Ayasofya’nın ibadete açılması tartışılırken çeşitli sorulara da yanıt aranıyor. Camilerde insan sureti kullanmak dinen caiz değilken Ayasofya’nın fresklerindeki suretler kapatılacak mı? Osmanlı döneminde cami olarak kullanılırken nasıldı? Hem ibadete açmak hem de müze olarak kullanmak mümkün mü? İşte Kültür ve Turizm Bakanlığı’nın üzerinde durduğu alternatifler:
Geçen yıl 3 milyon 727 bin kişinin ziyaret ettiği Ayasofya camiye çevrilirse Kültür ve Turizm Bakanlığı ciddi gelir kaybına uğrayacak. Bakanlığın geçen yıl en çok ziyaret edilen müzesi unvanına sahip Ayasofya’da bir yandan ziyaretçi girişi devam ederken diğer yandan ibadete açık tutma düşüncesi ağır basıyor. Bu yönde birkaç alternatif üretildi. Ana mekân ibadete açılacak, üst galeri katları müze olarak ziyaret edilebilecek.

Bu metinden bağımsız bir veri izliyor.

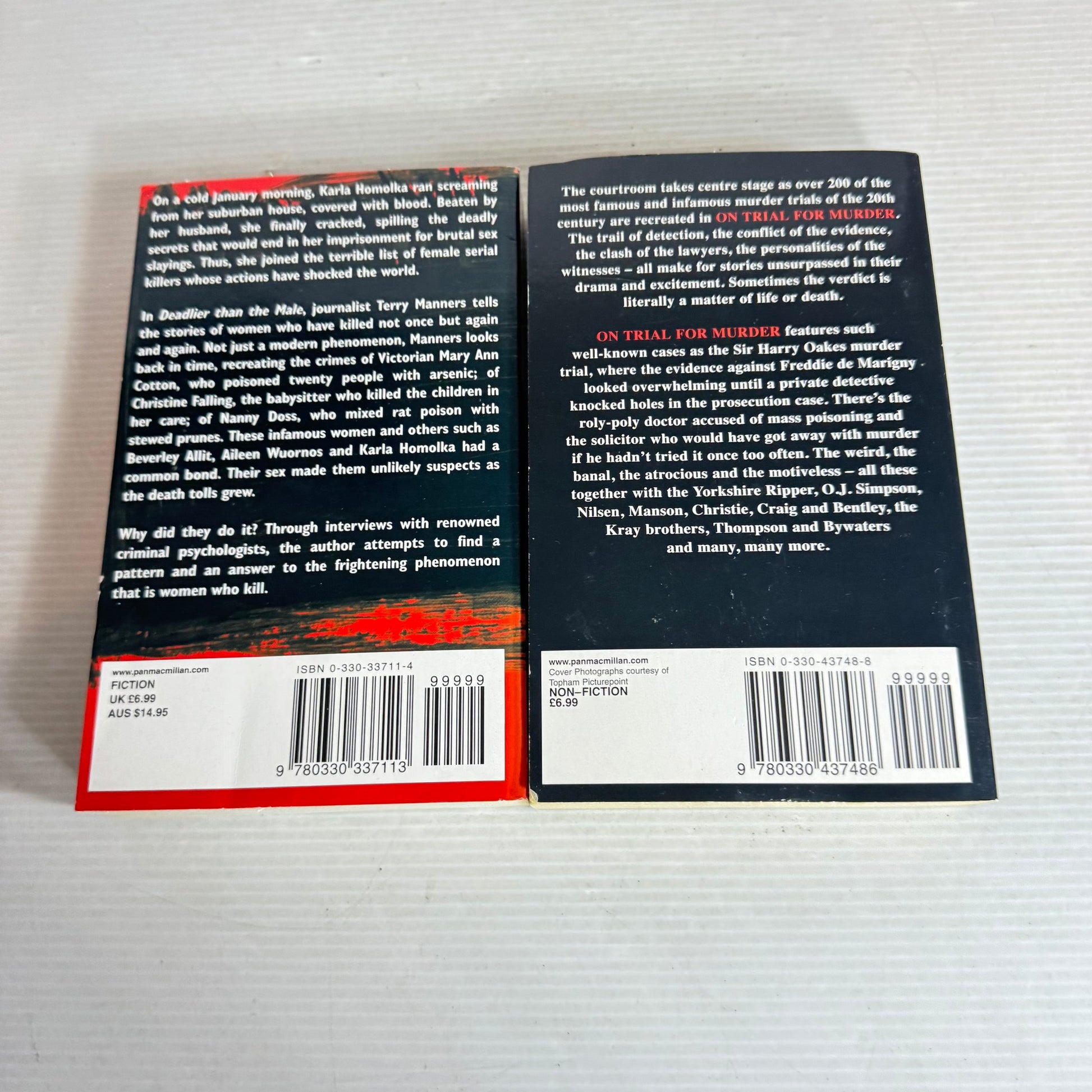 True Crime: Murder Book Bundle x 2 Books : Deadlier Than The Male & On Trial For Murder (2133)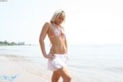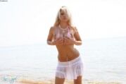 Сексуальная девушка на пляже в прозрачном бикини |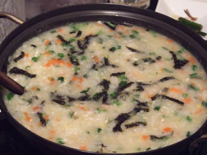 鶏肉を煮込んだスープにごはんを入れ、シメとして出してくれます。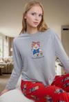 Soğuk kış gecelerinde kendinizi sıcak ve rahat hissetmenizi sağlayacak, şık ve eğlenceli bir pijama takımıyla tanışın! Bu 2'li pijama takımı, yumuşak ve nefes alan polyester karışımlı kumaştan üretilmiştir. Gri melenj üst ve kırmızı desenli alt ile uyumlu ve göz alıcı bir kombin oluşturur. Üzerindeki sevimli ayıcık figürleri ve 'Sweet Dreams' yazısıyla, tatlı rüyalar vaat eder. Regular kalıp sayesinde gün boyu rahat hissedeceksiniz. Uzun kolları ve boru paçaları ile soğuktan korunmanız sağlanır.

İkinci alternatif büyük kubbe altı ibadete açılacak, yan nefler yani galeri katının altı kısmı ile galeri katı müze ziyaretçisine açık olacak. Osmanlı döneminde galeri katında yabancı ziyaretçilerin bulunduğunu ve onların topluca yapılan ibadetleri izlediğini biliyoruz. Hatta galeri katı imparatoriçe locasında sırf onlar için oturma yerleri yapılmıştı. Ancak Osmanlı bu uygulamaya 19. yüzyılın son dönemlerinde geçmişti. Öncesinde yabancıların camileri ziyareti izne tabiydi. Son alternatif de Sultanahmet Camisi’nde olduğu gibi ibadet saatlerinde ziyarete kapalı tutup, vakit namazları bittikten sonra ziyarete açmak. Her türlü alternatifte de kesin olması gereken randevulu sisteme geçmek.
OSMANLI’DA NASILDI
Ayasofya ibadete açıldığında en büyük sorunlardan biri olarak fresklerin üstü ve ana kubbedeki insan suretleri öne çıkıyor. İslamiyet’te namaz kılınan yerde suret olması caiz görülmüyor. Ayasofya’da bulunan figürlü mozaiklerin üstünün kapatılması hakkında farklı görüşler olsa da 1710 yılında İstanbul’da bulunan İsveçli ressam Cornelius Loos’un gravürlerinde Ayasofya içinde birçok figürlü mozaiğin üstünün açık olduğu görülüyor. Bundan da Osmanlı döneminde ibadete açıkken mozaiklerin üstünün kapatılmadığı anlaşılıyor.